Assignment: Pictures aside, the data must be reproduced exactly.

** Data extract follows **

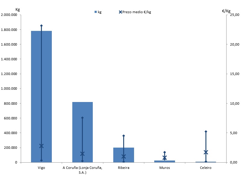 | A Coruña (Lonja Coruña, S.A.) | 210 | 816.757 | 28,79% | 1.208.024 | 18,70% | 1,48 |
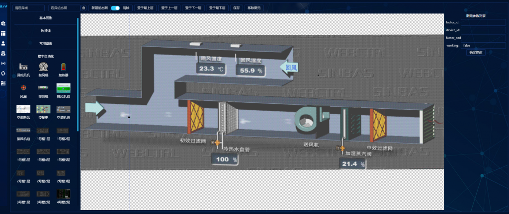 通過搭建組態(tài)環(huán)境,與現(xiàn)實(shí)采集設(shè)備進(jìn)行邏輯關(guān)聯(lián),結(jié)合三維地圖,將工業(yè)生產(chǎn)過程直觀的展現(xiàn)給用戶,通過設(shè)計(jì)相關(guān)工業(yè)生產(chǎn)邏輯規(guī)范,及預(yù)警參數(shù),能夠?qū)崟r(shí)進(jìn)行監(jiān)控展示,對(duì)于異常情況能夠第一時(shí)間展示在基于三維的自動(dòng)控制系統(tǒng)中。
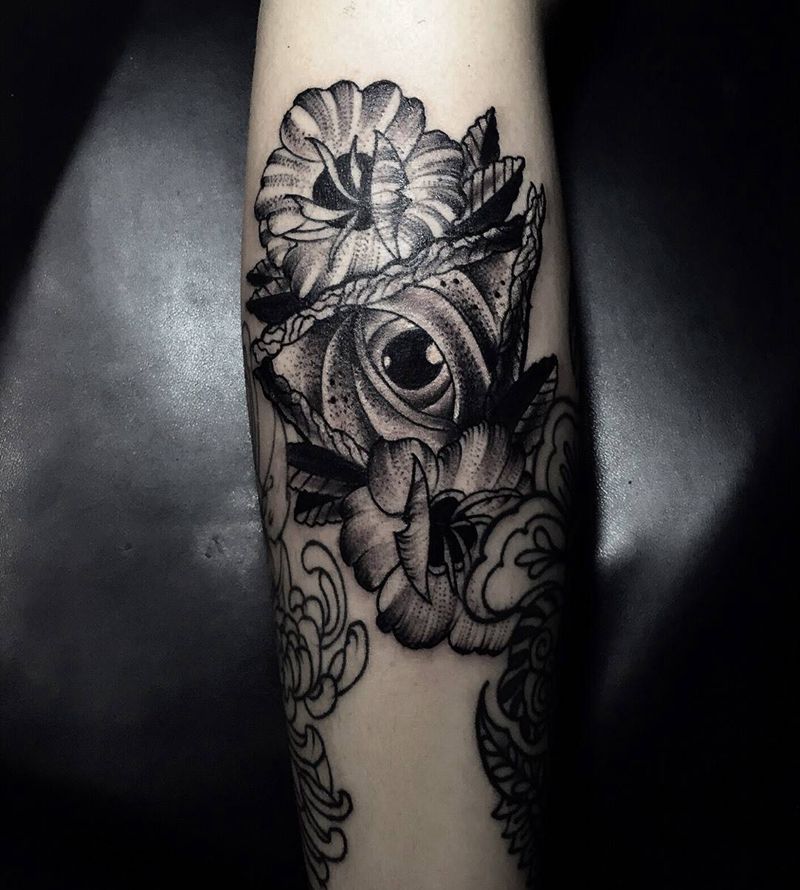 上帝之眼纹身图片_成品腿部欧美宗教七月刺青纹身图案
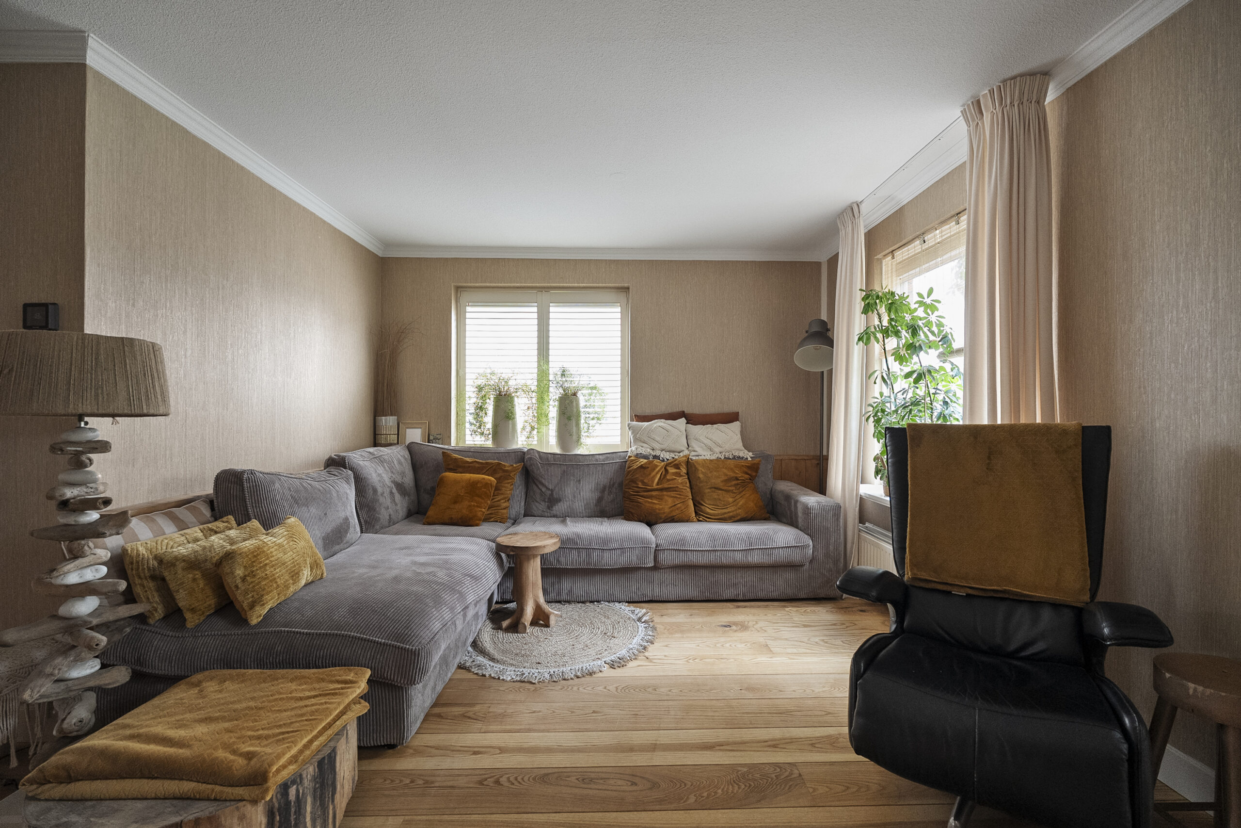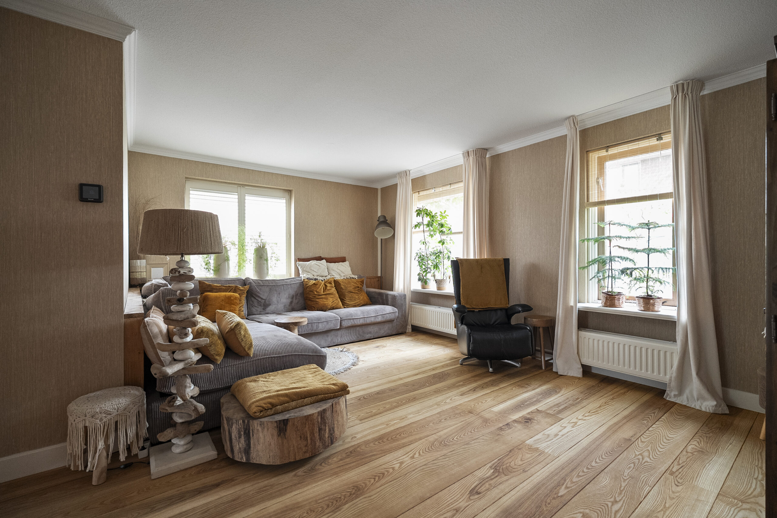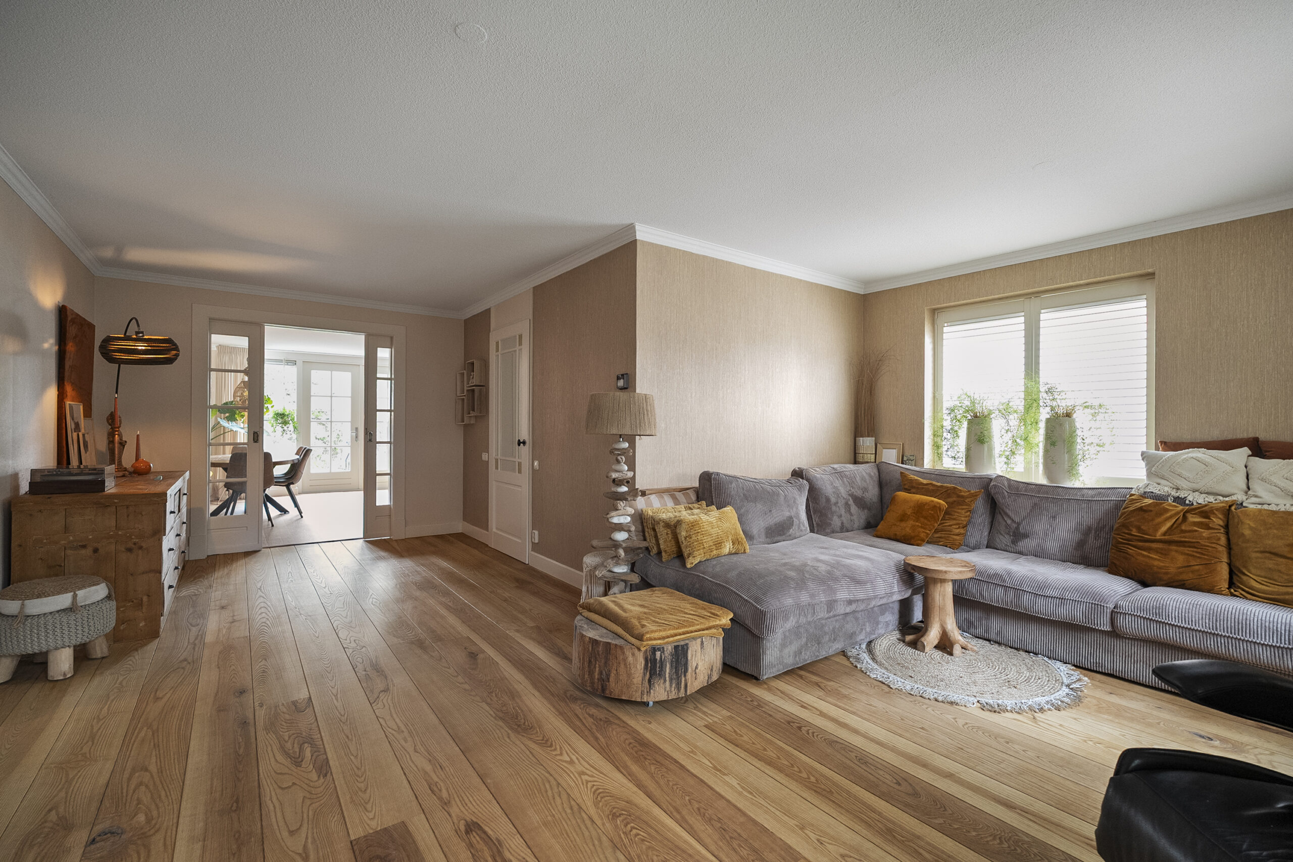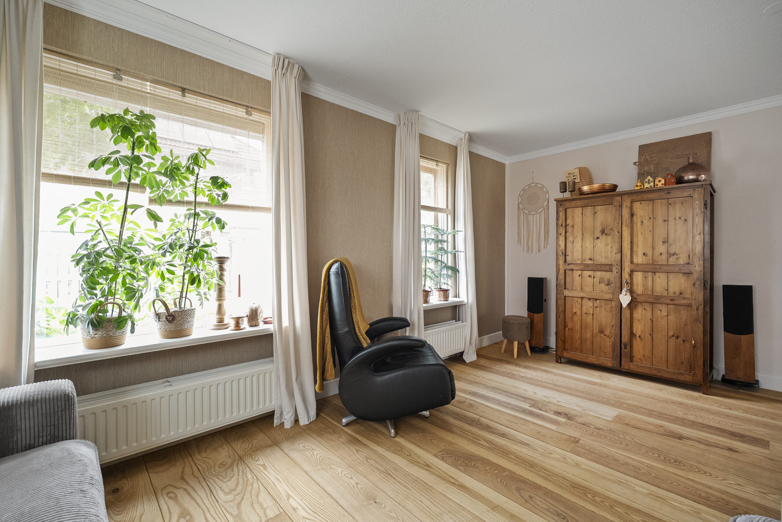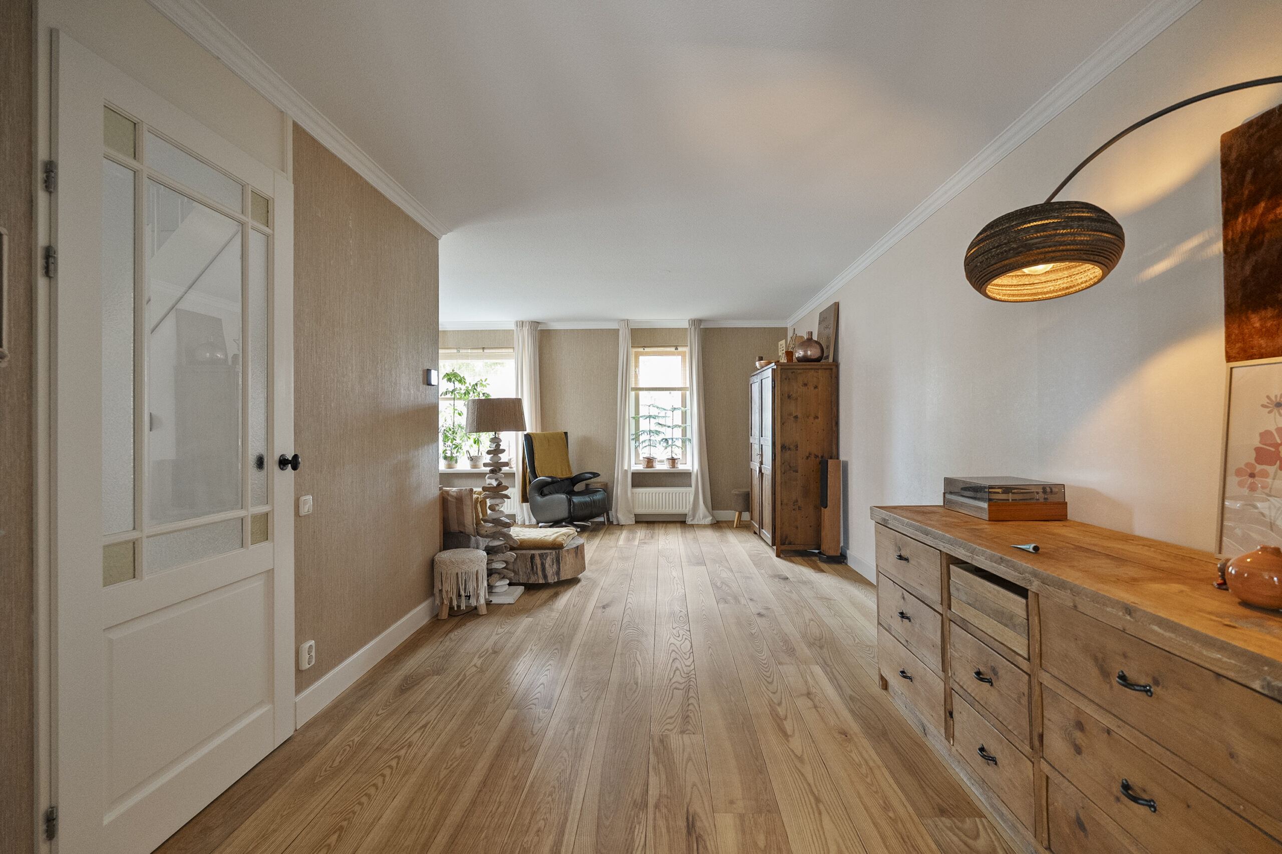 De begane grond bestaat uit twee kamers, waaronder een royale woonkamer waarin natuurlijk licht rijkelijk naar binnen stroomt via de grote ramen. Dit maakt het een aangename plek om te ontspannen of gasten te ontvangen.

** End of Data extract **

Exercise response:
 | A Coruña (Lonja Coruña, S.A.) | 210 | 816.757 | 28,79% | 1.208.024 | 18,70% | 1,48 |
 通過搭建組態(tài)環(huán)境,與現(xiàn)實(shí)采集設(shè)備進(jìn)行邏輯關(guān)聯(lián),結(jié)合三維地圖,將工業(yè)生產(chǎn)過程直觀的展現(xiàn)給用戶,通過設(shè)計(jì)相關(guān)工業(yè)生產(chǎn)邏輯規(guī)范,及預(yù)警參數(shù),能夠?qū)崟r(shí)進(jìn)行監(jiān)控展示,對(duì)于異常情況能夠第一時(shí)間展示在基于三維的自動(dòng)控制系統(tǒng)中。
 上帝之眼纹身图片_成品腿部欧美宗教七月刺青纹身图案
 De begane grond bestaat uit twee kamers, waaronder een royale woonkamer waarin natuurlijk licht rijkelijk naar binnen stroomt via de grote ramen. Dit maakt het een aangename plek om te ontspannen of gasten te ontvangen.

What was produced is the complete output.